Altsteirer, also known as the Styrian Hen and Chicken, Štajerska kokoš or Štajerka, Altsteirer Huhn, is an autochthonous breed of domestic chicken originating in Slovenia and Austrian state Styria. The Styrian Hen is known as the only autochthonous (native) chicken breed of Slovenian area, with all other breeds being traditional at most, hence introduced in the past and consequently adapted to country's conditions. The Altsteirer's set of traits suggests the breed may share a common descent with other Mediterranean chicken breeds.

== Origin and distribution ==
In the past the hen was probably bred in all alpine regions, ranging from the Danube river to Adriatic sea, as well as the Pannonian Basin. The breed's country of origin is thought to be the area, consisting of the land between rivers Mur and Sava in Slovenian Styria and southern parts of Austrian state Styria. Among the oldest historical records mentioning the Altsteirer Hen is the document about Styrian capons from year 1352. Such birds were often treated as a delicacy in 17th and 18th century.

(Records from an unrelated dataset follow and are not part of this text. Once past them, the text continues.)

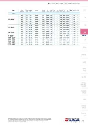 h stock standard, ) check stock EU, f check stock JP, m stock exhaustion UNF TCTR Ø Hole Ø(tolerance)(mm)(mm)CodeTHCHT(chamfer)LF(inch)THL(inch) LU(inch) LS DCON K(inch)(inch)(inch)LK(inch)NOFTypeStockIntro ANSI GH3 14.5 14.6 Y82626 4.5P 3.812 1.083 - - 0.48 0.36 0.562 3 007 f GH4 14.5 14.6 Y82636 4.5P 3.812 1.083 - - 0.48 0.36 0.562 3 007 f SP 5/8-18UNF GH5 14.5 14.6 Y82656 4.5P 3.812 1.083 - - 0.48 0.36 0.562 3 007 f GH6 14.5 14.6 Y82694 4.5P 3.812 1.083 - - 0.48 0.36 0.562 3 007 f GH7 14.5 14.6 Y82591 4.5P 3.812 1.083 - - 0.48 0.36 0.562 3 007 f GH3 17.5 17.59 Y82628 4.5P 4.25 1.201 - - 0.59 0.422 0.687 3 007 f SL 3/4-16UNF GH5 17.5 17.59 Y82658 4.5P 4.25 1.201 - - 0.59 0.422 0.687 3 007 f GH7 17.5 17.59 Y82592 4.5P 4.25 1.201 - - 0.59 0.422 0.687 3 007 f 7/8-14UNF GH4 20.5 20.57 Y82696 4.5P 4.687 1.339 - - 0.7 0.523 0.75 3 007 f PO GH6 20.5 20.57 Y82699 4.5P 4.687 1.339 - - 0.7 0.523 0.75 3 007 f 1 -12UNF GH4 23.3 23.46 Y82679 4.5P 5.125 1.496 - - 0.8 0.6 0.812 3 007 f ANSI 1 1/8-12UNF GH5 26.5 26.63 Y82701 4.5P 5.437 1.535 - - 0.9 0.672 0.875 4 007 f 1 1/4-12UNF GH5 29.6 29.81 Y82703 4.5P 5.75 1.535 - - 1.02 0.766 1 4 007 f ST 1 3/8-12UNF GH5 32.8 32.98 Y82706 4.5P 6.062 1.811 - - 1.11 0.831 1.062 4 007 f 1 1/2-12UNF GH5 36 36.16 Y82708 4.5P 6.375 1.811 - - 1.23 0.925 1.125 4 007 f ROLL CARBIDE LONG HAND TAPS EG (STI) SPECIAL THREADS, GAUGES THREAD MILLS DIES CENTER DRILLS Technical info The most suitable GH tap class to cut accurate 2B, 3B (UNJ) and 2B oversized internal threads tolerance, depends on application conditions and work-piece materials. Yamawa GH class system offers a wide range of alternative tap classes allowing each customer to select the most suitable one according to application requirement. 259 Check page 673 of Technical info for full details.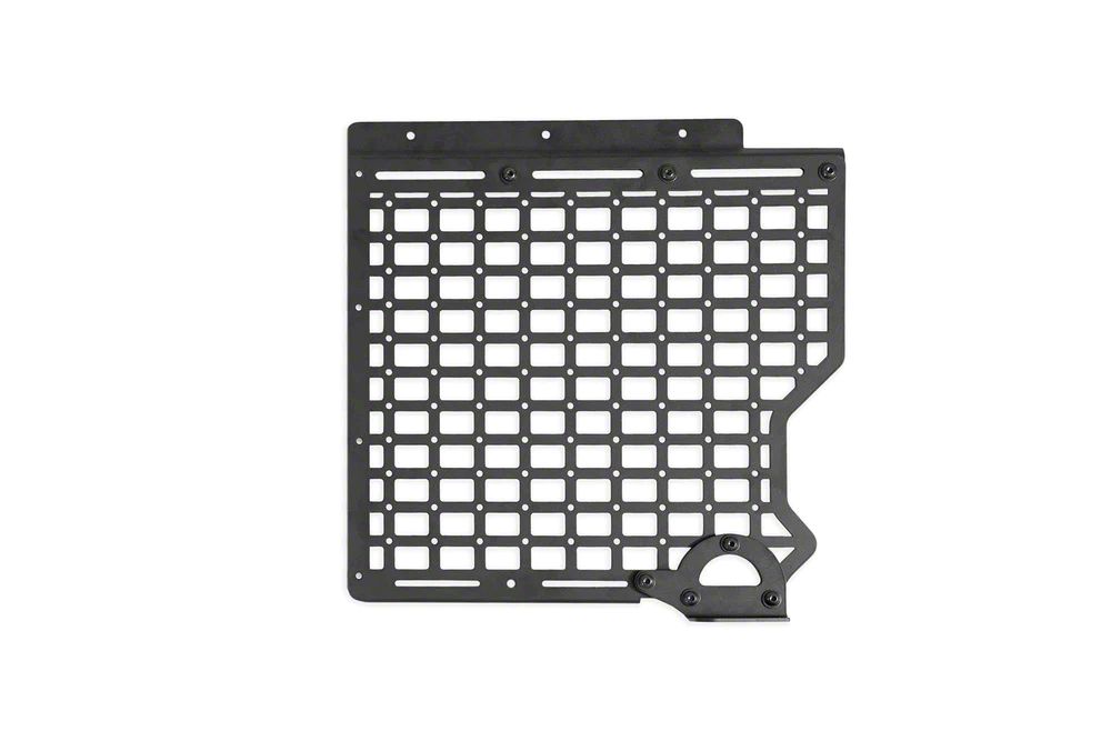 Construction and Appearance. Crafted from CNC-cut steel and finished in a textured black powder coat, the MOLLE panel is built to endure harsh trail environments and resist corrosion. The precision laser-cut layout ensures exact fitment and maximizes versatility for attaching a wide range of MOLLE-compatible gear without compromising bed space.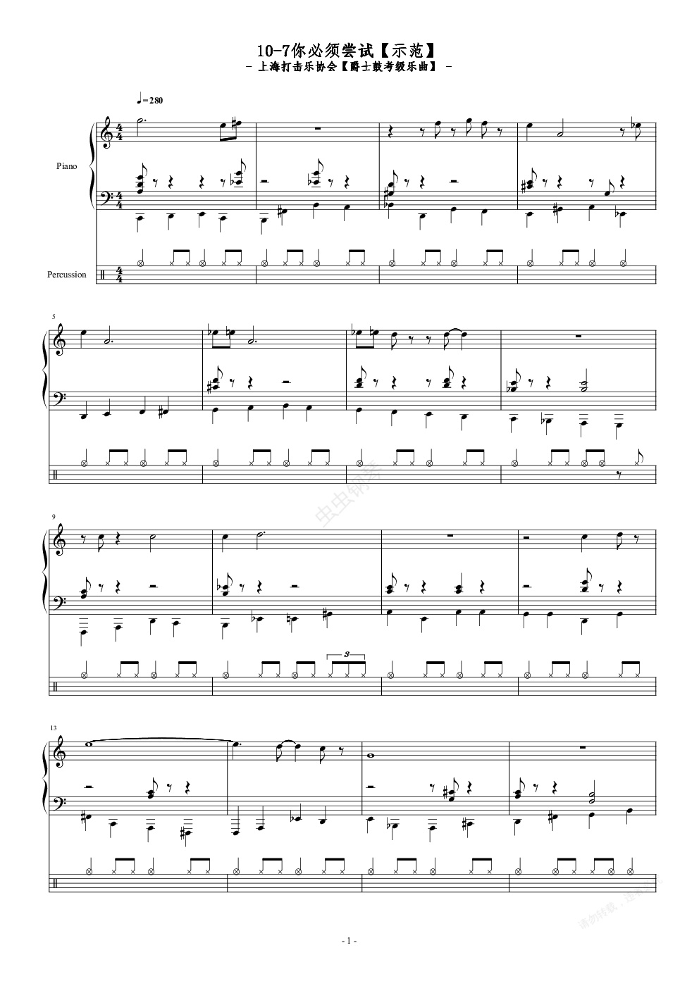 钢琴谱:爵士鼓考级乐曲 10-7你必须尝试【示范】

Germans Armin Arbeiter from Graz and Emanuel Martiny from Celje were among the most important 19th and 20th century advocates of the breed, being responsible for uniting breeders of Altsteirer and starting a systematic breeding. The Styrian Hen was first described in 1894 by the association of breeders in Graz. A breeding center for the Altsteirer was established in 1897 by the Association for Care and Rearing, with its first location being Celje and second Maribor. Arbeiter, who was responsible for breeding in Celje, named the breed the "Celje Hen". The Altsteirer gained importance around 1900, with its breed standard being written two years later (in year 1902) under the supervision of Styrian Agricultural Company. At the same time it was decided to name it the Styrian Hen and earlier names, such as the Celje Hen and the Old Styrian Hen were abandoned.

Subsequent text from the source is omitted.